WikiLeaks: Inside Julian Assange’s War on Secrecy, by David Leigh and Luke Harding, published by the Guardian newspaper, is now being paraded as the “official” account of WikiLeaks and its founder Julian Assange. It is in reality a politically-motivated hatchet job aimed at discrediting Assange and facilitating his persecution by the Obama administration and its allies in the UK and Sweden.

 

The Guardian was the first of the five print media partners WikiLeaks worked with to assist in the publication of secret US diplomatic cables, beginning in late November of last year.

Within a month of their initial publication, the newspaper had broken off relations with Assange. The new book by Leigh and Harding is in line with the Guardian’s campaign of character assassination against Assange, including its public declaration in favour of his extradition to Sweden. The campaign began publicly with the December 17 editorial “WikiLeaks: the man and the idea”.

The editorial made clear that the Guardian had only agreed to publish “a small number of cables” to control the political fall-out from the details of murder, torture, espionage and corruption they revealed and give it the opportunity of “editing, contextualising, explanation and redaction”.

But the main purpose of the editorial was to support Assange’s extradition to Sweden on trumped-up allegations of sexual misconduct.

“It is impossible to make judgments about what happened in private circumstances: that will be for the Swedish courts eventually to decide. But it is wrong that the notion that the allegations are simply a conspiracy or smear should go unexamined”, it stressed.
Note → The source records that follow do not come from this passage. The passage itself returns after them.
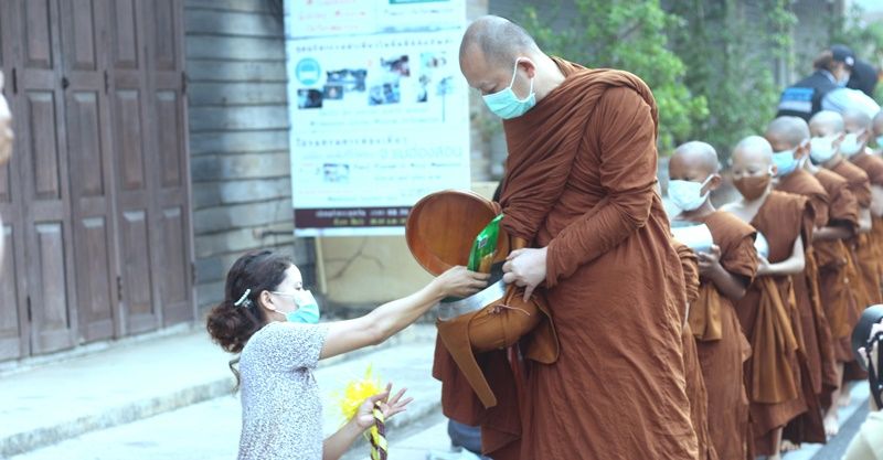 เจ้าอาวาสวัดสวนธรรมภูสมะณาราม บ้านกุงไม้สัก ตำบลปางหมู อำเภอเมืองแม่ฮ่องสอน นำสามเณรน้อย 85 รูป สวมแมสออกรับบิณฑบาตรญาติโยม สร้างขวัญกำลังใจ นช่วงโควิด 19 ระบาด
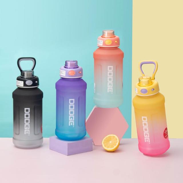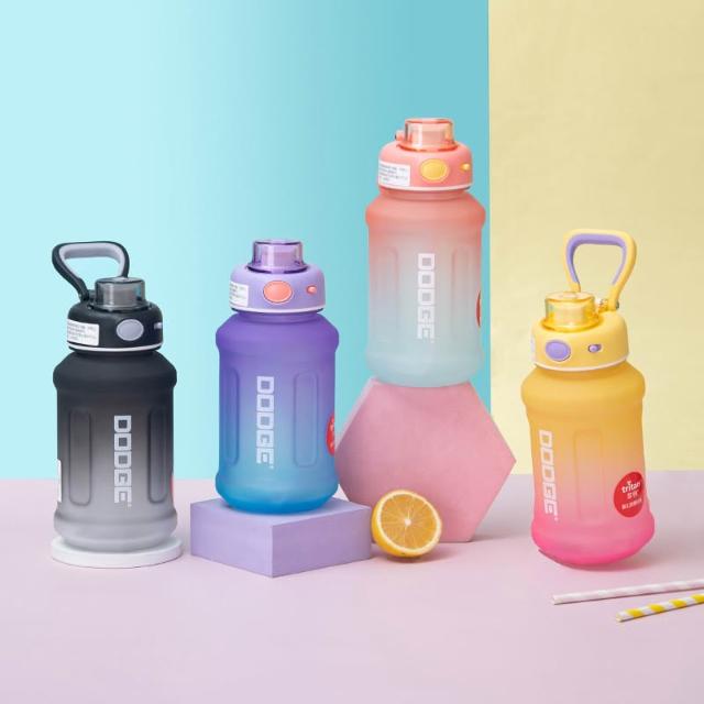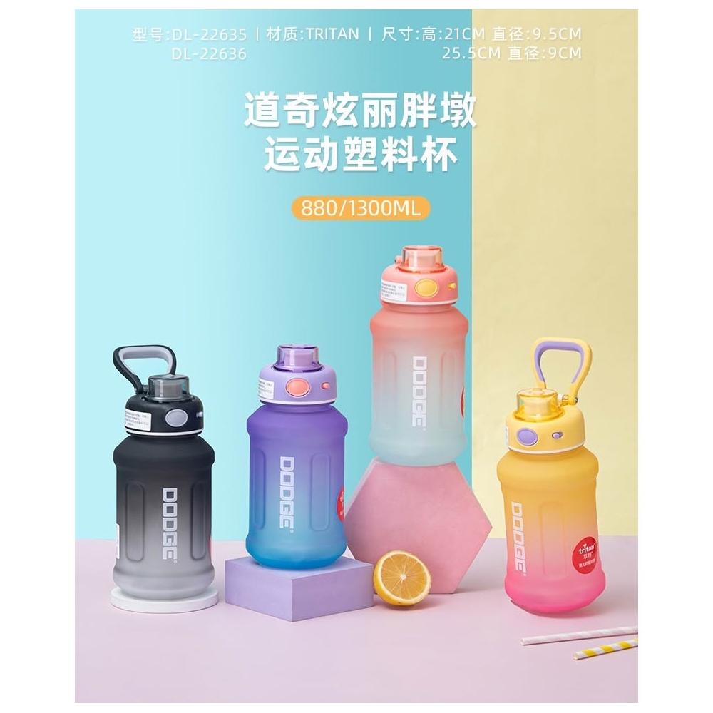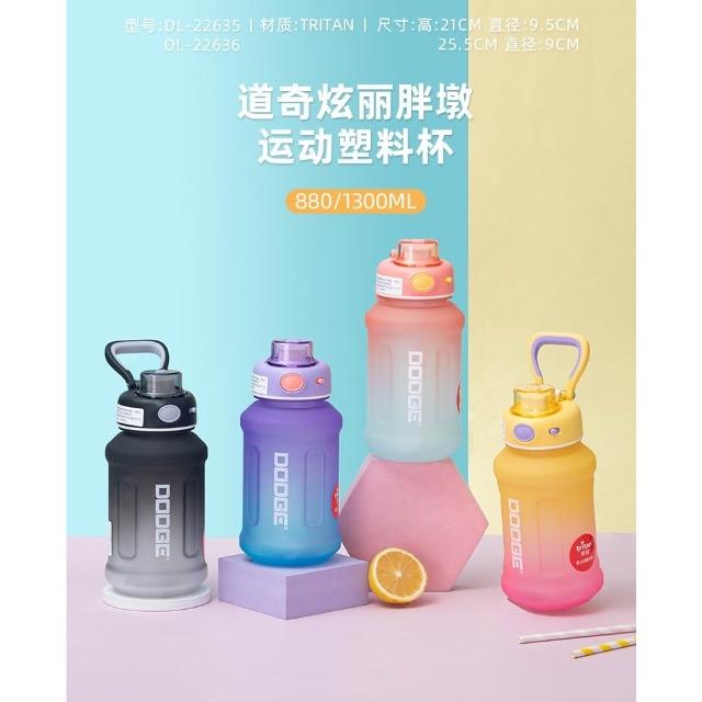 Dodge 道奇DODGE希樂道奇絢麗胖墩TRITAN運動水壺 880ml/1300ml磨砂漸變色吸管水壺 安全鎖手提健身水杯 一鍵開蓋戶外運動隨身壺 學生水壺 磨砂太空壺
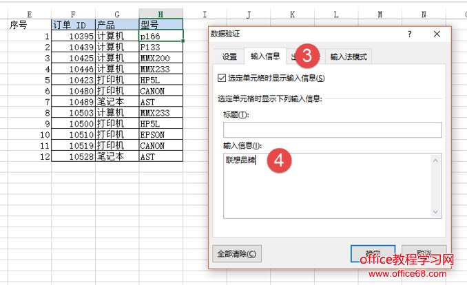点击“数据验证—输入信息”,在输入信息中“联想品牌”。(下图4处)
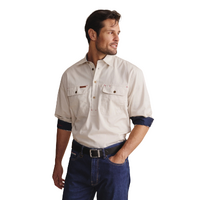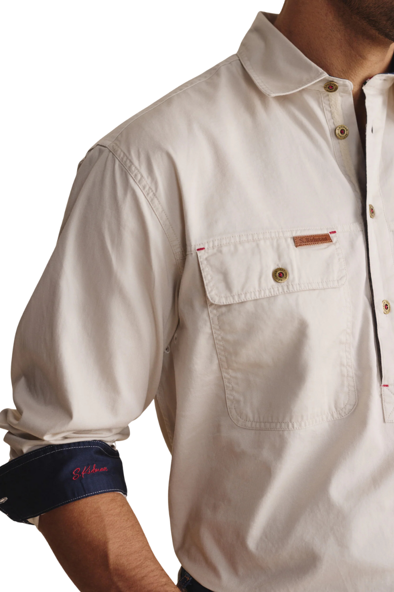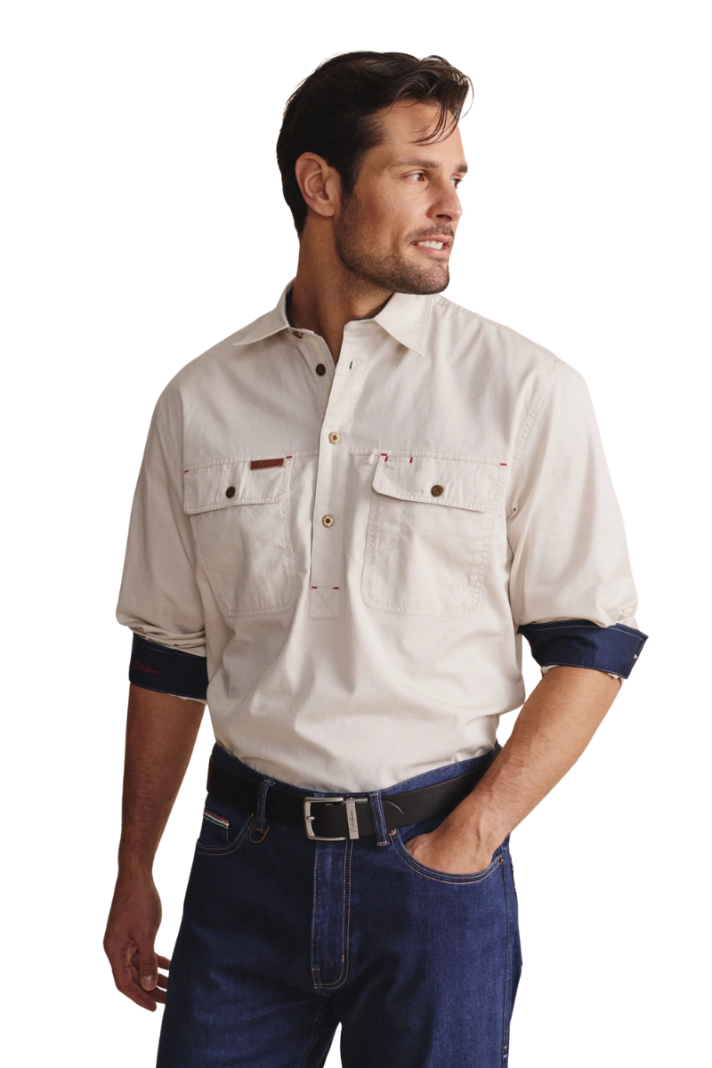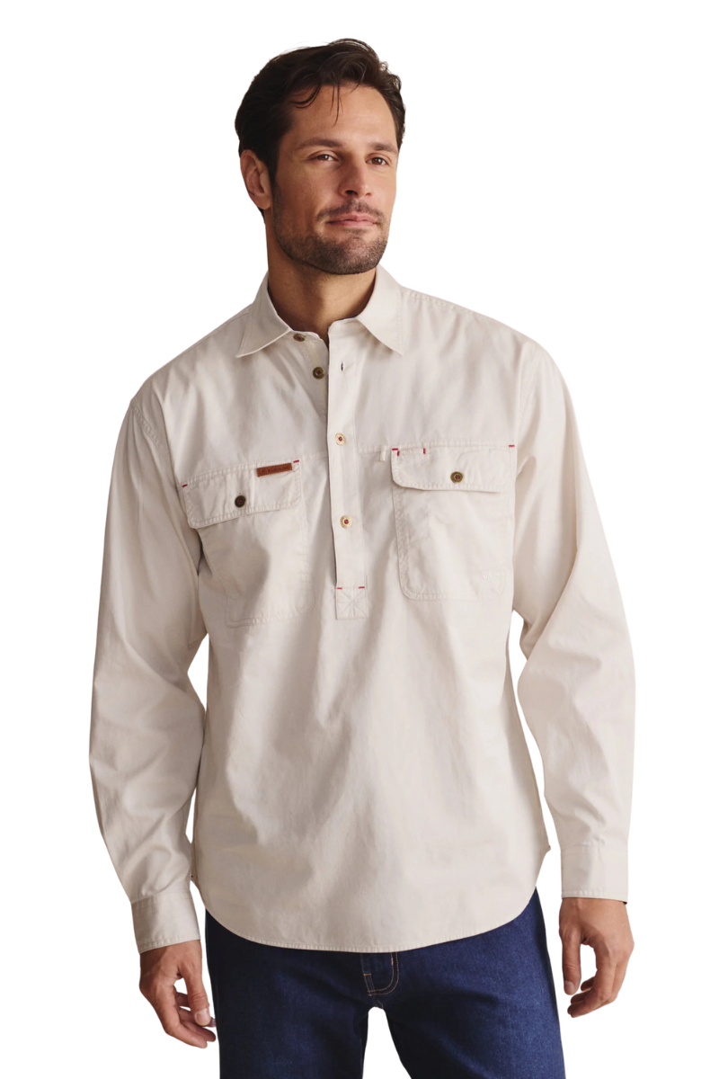S.Kidman Mens Brockman Half Button L/S Work Shirt (1SHM00131) Stone XS
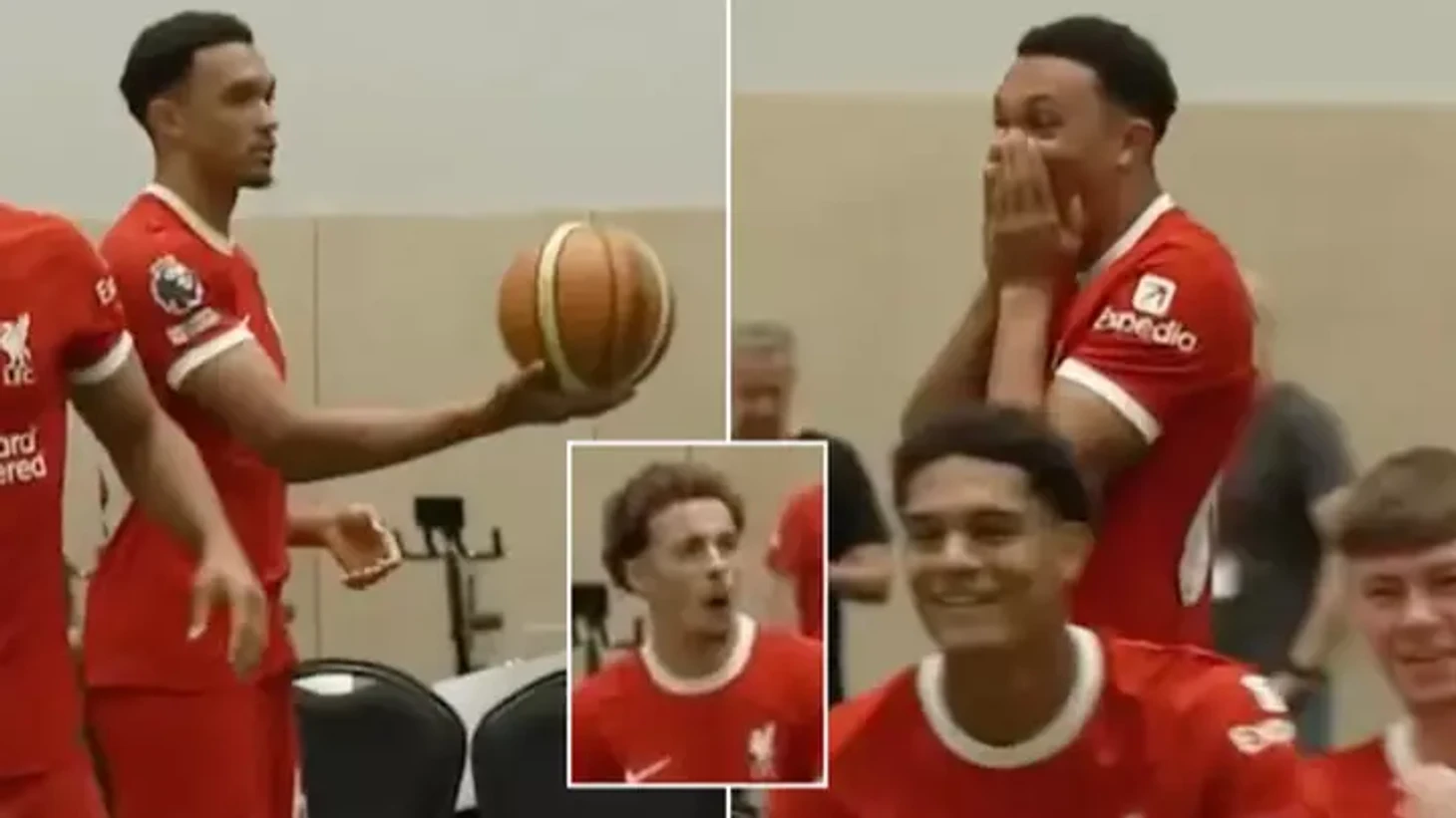 Игроки «Ливерпуля» сегодня участвовали в фотосессии, связанной с баскетболом. Некоторые из них пытались выполнить всякого рода трюки, но больше всех удивил Трент Александер-Арнольд.

A feature of the Leigh-Harding work is its constant distortion of what Assange and WikiLeaks represent. The authors invoke a stream of shoddy and sensationalist descriptions to describe Assange, who is depicted on the cover as “one of the strangest figures ever to become a worldwide celebrity”.

“Was he an internet messiah or a cyber terrorist? Information freedom fighter or sex criminal?” it asks. Elsewhere in the book he is likened to “a rock star with his entourage”.

The first two and half pages of the chapter dealing with the background of Assange reproduce a profile it says he placed on a dating web site. “Assange had a striking and, some critics would say, a damaged personality”, it declares. [p. 33.]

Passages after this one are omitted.